The district and several of its schools have been recognized by Character.org in its Schools of Character program. In 2016, Cedar Hill Elementary School and Woodmont Elementary School were named New Jersey and National Schools of Character. In 2018, Robert R. Lazar Middle School was named a New Jersey and National School of Character and the Montville School District was named a New Jersey and National District of Character. In 2019, William Mason Elementary School was named a New Jersey State and National School of Character. In 2020, Hilldale Elementary School and Valley View Elementary School were names New Jersey State Schools of Character.

By 2020, all seven of the Montville Township Public Schools have attained Bronze Level certification through the Sustainable Jersey for Schools Program.

For the 1994-95 school year, Robert R. Lazar Middle School was named as a "Star School" by the New Jersey Department of Education, the highest honor that a New Jersey school can achieve.

In 2013, Valley View Elementary School was named as a high performing "Reward School" by the New Jersey Department of Education, one of 57 schools statewide and eight in Morris County to earn this recognition.

== Schools ==
Schools in the district (with 2022–23 enrollment data from the National Center for Education Statistics) are:
- Elementary schools
- Cedar Hill Elementary School with 328 students in grades PreK-5
  - Michael Raj, principal
- Hilldale Elementary School with 320 students in grades K-5
  - Jill Cisneros, principal
- William H. Mason Jr.

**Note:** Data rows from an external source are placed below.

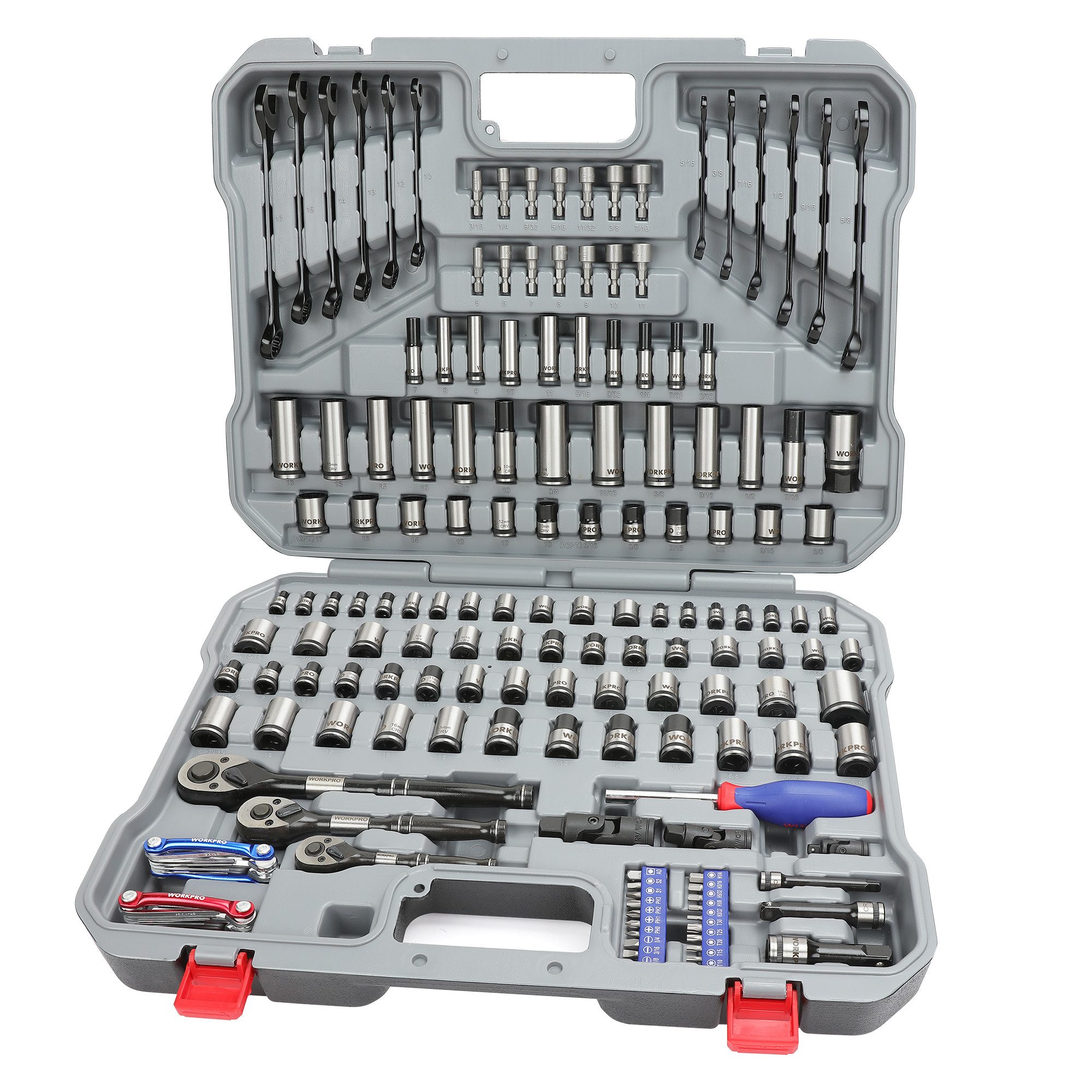 Der 164-teilige WORKPRO Werkzeugkoffer enthält eine Vielzahl an nützlichen Werkzeugen wie Schraubenschlüssel, Ratschengriff und Innensechskantschlüssel.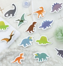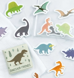 Divertimento in vasca senza disordine – 14 pezzi in schiuma con simpatici dinosauri che, una volta bagnati, si attaccano alle pareti della vasca o alle piastrelle del bagno. Dopo il bagno riponili semplicemente nella retina con ventose, che mantiene tutto in ordine e a portata di mano.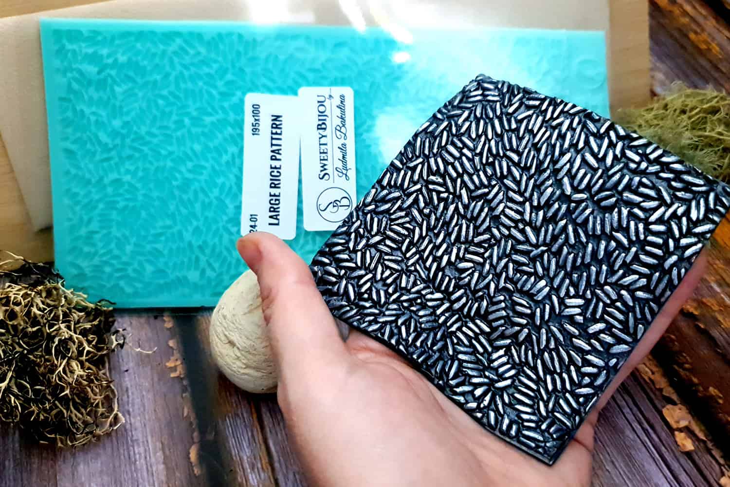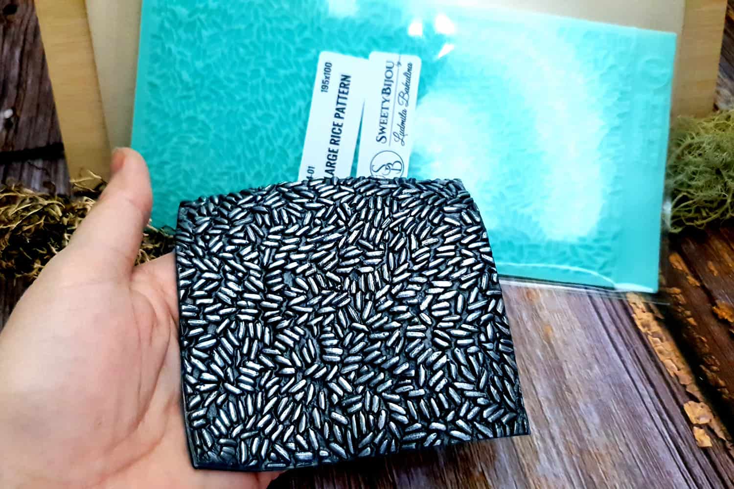 J'ai réalisé cette texture en silicone qui est souple et ne nécessite pas d'agent démoulant. Il peut être cuit à une température de 150°C et peut être utilisé avec toutes les marques de pâte polymère (de préférence une pâte SOFT).

Elementary School with 277 students in grades K-5
  - Dave Melucci, principal
- Valley View Elementary School with 365 students in grades PreK-5
  - Patricia J. Kennedy, principal
- Woodmont Elementary School with 310 students in grades K-5
  - Dominic Esposito, principal
- Middle school
- Robert R. Lazar Middle School with 724 students in grades 6-8
  - Michael Pasciuto, principal
- High school
- Montville Township High School with 1,112 students in grades 9-12
  - Douglas Sanford, principal
- After school
- Montville Extended Day Learning Center is an after-school program available at all the elementary schools in the district.

== Administration ==
Core members of the district's administration are:
- Thomas A. Gorman, superintendent
- Katine Slunt, business administrator and board secretary

==Board of education==
The district's board of education is comprised of nine members who set policy and oversee the fiscal and educational operation of the district through its administration. As a Type II school district, the board's trustees are elected directly by voters to serve three-year terms of office on a staggered basis, with three seats up for election each year held (since 2012) as part of the November general election. The board appoints a superintendent to oversee the district's day-to-day operations and a business administrator to supervise the business functions of the district. The current Board of Education is David Modrak (President), Joseph Daughtry (Vice President), Karen Cortellino, Christine Fano, Michael Palma, John Petrozzino, Michael Rappaport, Caitlin Smith and Michelle Zuckerman.